Ausstellung im Potsdamer Kunsthaus: Kohle und das Fenster zur Welt

Im Rahmen einer Schau im Kunstverein Kunsthaus setzen sich Berliner Studierende mit aktuellen Sorgen auseinander.

Potsdam - Ohne Sorgen wollte sich Friedrich II. auf Schloss Sanssouci seinen Gästen und den schönen Künsten widmen – darüber gibt bereits der französische Name Aufschluss. Verdruss allerdings bereitete dann schon der Schlossbau, weil der Bauherr seinem Architekten Wenzeslaus von Knobelsdorff nämlich immer wieder in die Baupläne hineinredete.
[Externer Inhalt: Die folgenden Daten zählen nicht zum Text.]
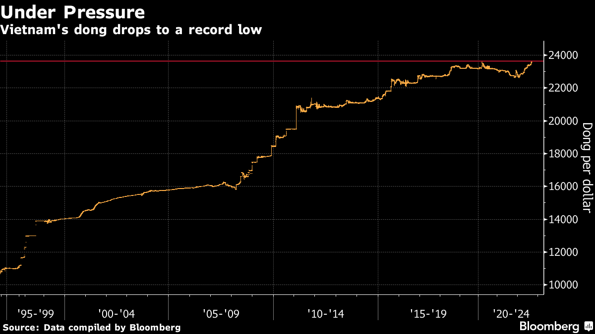 The dong dropped as much as 0.16% to 23,650 per dollar on Friday, the lowest since at least 1993, according to data compiled by Bloomberg. Foreign funds sold a net $46.3 million of the nation's stocks this month.

Andere Sorgen sind es, die heute die Mitwirkenden einer Ausstellung im Kunstverein Kunsthaus umtreiben, die sich am Namen des Schlosses orientiert haben. „Wir haben ein Brainstorming zu Potsdam, zu dessen Schlössern und Gärten gemacht, als wir die Ausstellung konzipiert haben“, sagt Christine Streuli, Professorin an der Universität der Künste Berlin, deren Studierende ihre aktuellen Arbeiten in der Potsdamer Schau zeigen. „Ich kann grad nicht, ich habe andere Sorgen“ lautet der Titel der Ausstellung, die Dinge in den Fokus nimmt, „die uns heute bewegen“, so Steuli. Diese fallen recht vielfältig aus: Gedanken zu Umwelt und Politik sind vertreten und auch das Baumblütenfest in Werder (Havel).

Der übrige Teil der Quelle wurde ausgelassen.